Typhoon survivor, rights groups call on UN to probe govt's slow, inefficient response
Through an oral intervention delivered before member states of the United Nations Human Rights Council in Geneva last Thursday, typhoon Haiyan/Yolanda survivor Reverend Irma Balaba of the National Council of Churches of the Philippines strongly urged the council to conduct investigations into the "slow, inefficient, and inadequate response of the Philippine government to the plight of the millions of typhoon Haiyan/Yolanda victims."
In the statement supported by the Commission of the Churches on International Affairs of the World Council of Churches, Balaba recounted that "thousands of desperate and traumatized residents fled the regions affected by the typhoon, as its impact on the affected communities exacerbated the poverty incidence and intensified the number of victims of displacement in the Philippines."
"Up until now, the government does not have an alternative plan for the displaced communities that would ensure their long-term alternative livelihood, safe relocation areas, free housing and access to social services," she said.
Balaba also urged the council to monitor and investigate how the assistance extended by the international community for relief and rehabilitation in the devastated areas, amid the massive pork barrel and corruption scandals under the Aquino administration.
Balaba is among the members of the delegation of the Ecumenical Voice for Peace and Human Rights in the Philippines (EcuVoice). Balaba's intervention during the General Debates of the 26th UN HRC sessions was delivered by Sister Stella Matutina of the Sisters Association in Mindanao (SAMIN), who is also part of the Philippine delegation of human rights advocates participating in the UNHRC sessions.
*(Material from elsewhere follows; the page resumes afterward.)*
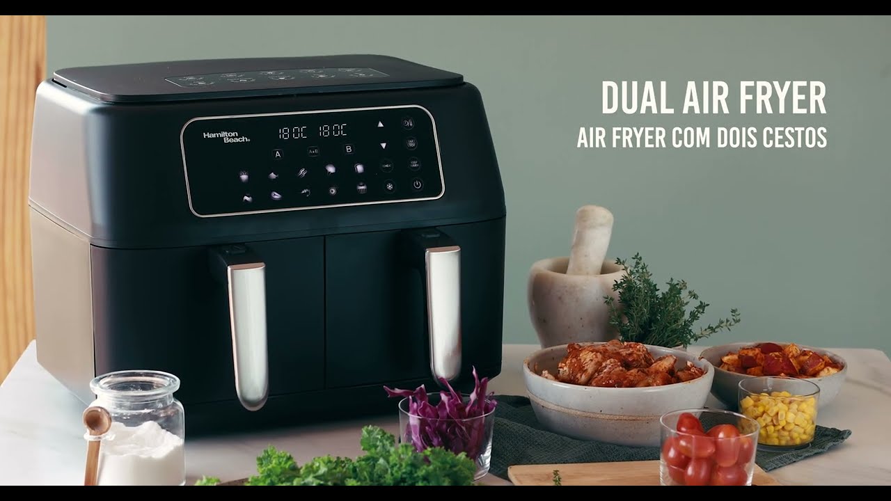 Descubra a Air Fryer Digital Duas Cestas da Hamilton Beach, a solução ideal para facilitar suas refeições! São duas air fryers em uma! Com um painel digital inteligente e 12 funções pré-programadas, você poderá cozinhar com apenas um toque uma variedade de pratos deliciosos, como batatas fritas, torradas, vegetais, camarão, carnes, frango, peixes e até bolos.
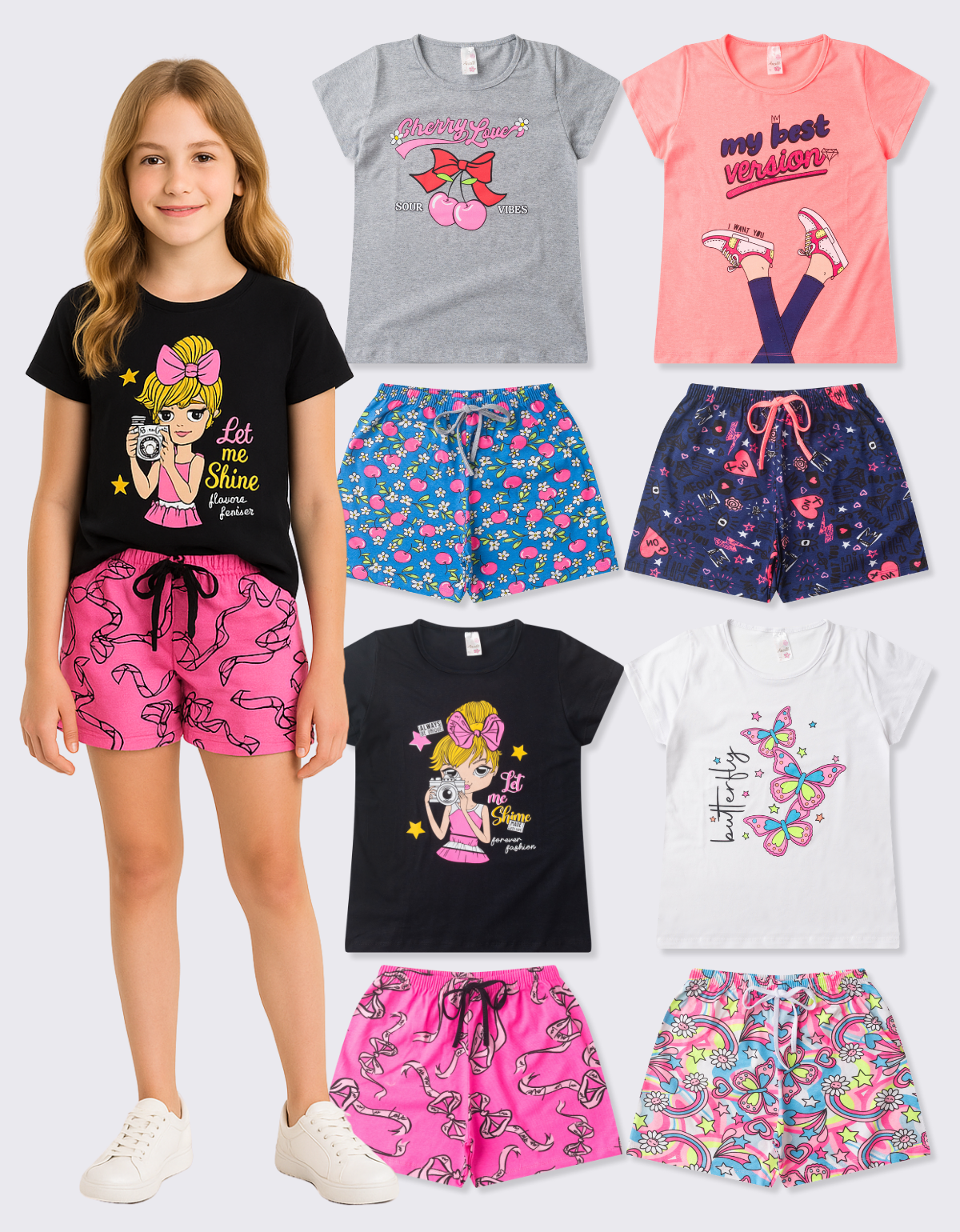 Apresentamos o nosso KIT 4 CONJUNTO SHORTS JUVENIL MENINA – Feito especialmente para as pequenas aventureiras enfrentarem o verão com estilo e com conforto.

The rights advocates also lamented that "instead of focusing on providing the long-overdue assistance for the typhoon victims, the Aquino administration trains its guns on aid workers who provide crucial, timely and relevant support for the victims."
Five women relief workers of the Panay Center for Disaster Response (PCDR), a partner NGO of the international Catholic relief agency Caritas, were cuffed, gagged, and bound with packaging tape by three unidentified men in their office in Jaro, Iloilo at around 1 a.m. on June 19, 2014. The masked men seized two laptops, memory sticks, flash drives, mobile phones, logbooks, ledgers, cameras, and several pictures documenting the relief operations of PCDR throughout Panay.
The PDCR provides relief aid to typhoon Yolanda-struck communities in northern Iloilo, Capiz, Antique, and Aklan. PCDR has served about 50,000 families in the region with relief and rehabilitation assistance — food, non-food, shelter, among others. Members of the Armed Forces of the Philippines have however previously tagged aid workers of the PDCR as members of the New People's Army in communities in Estancia, Iloilo.
Karapatan secretary general Cristina Palabay, who headed the EcuVoice delegation at the UNHRC said, the pattern of the ransacking and robberies in offices of progressive organizations in Metro Manila in the past two years, when mostly data storage devices were seized by unidentified men, is very similar to what happened in the PDRC office.
From March 2012 to February 2013, Karapatan and Bayan documented twelve cases of break-ins of houses of activists and peace advocates, and offices of progressive organizations; robberies involving items such as laptops, USB/flash drives, video cameras, and the like; and surveillance of known personalities and members of such organizations and institutions.
"It appears that the intelligence operatives of the State are gathering more data on their perceived government critics and even aid organizations. These incidents are clearly systematic attacks against organizations and institutions, made to appear as cases of common crimes. It is only the military which would have the motive and means to carry out these attacks," Palabay said.
The other members of the EcuVoice delegation at the 26th sessions of the UN HRC are lawyer Edre Olalia, secretary general of the National Union of Peoples' Lawyers (NUPL), Dr. Angie Gonzales, lawyer Mary Kristerie Baleva, and Julie Palaganas of the International Coalition for Human Rights in the Philippines.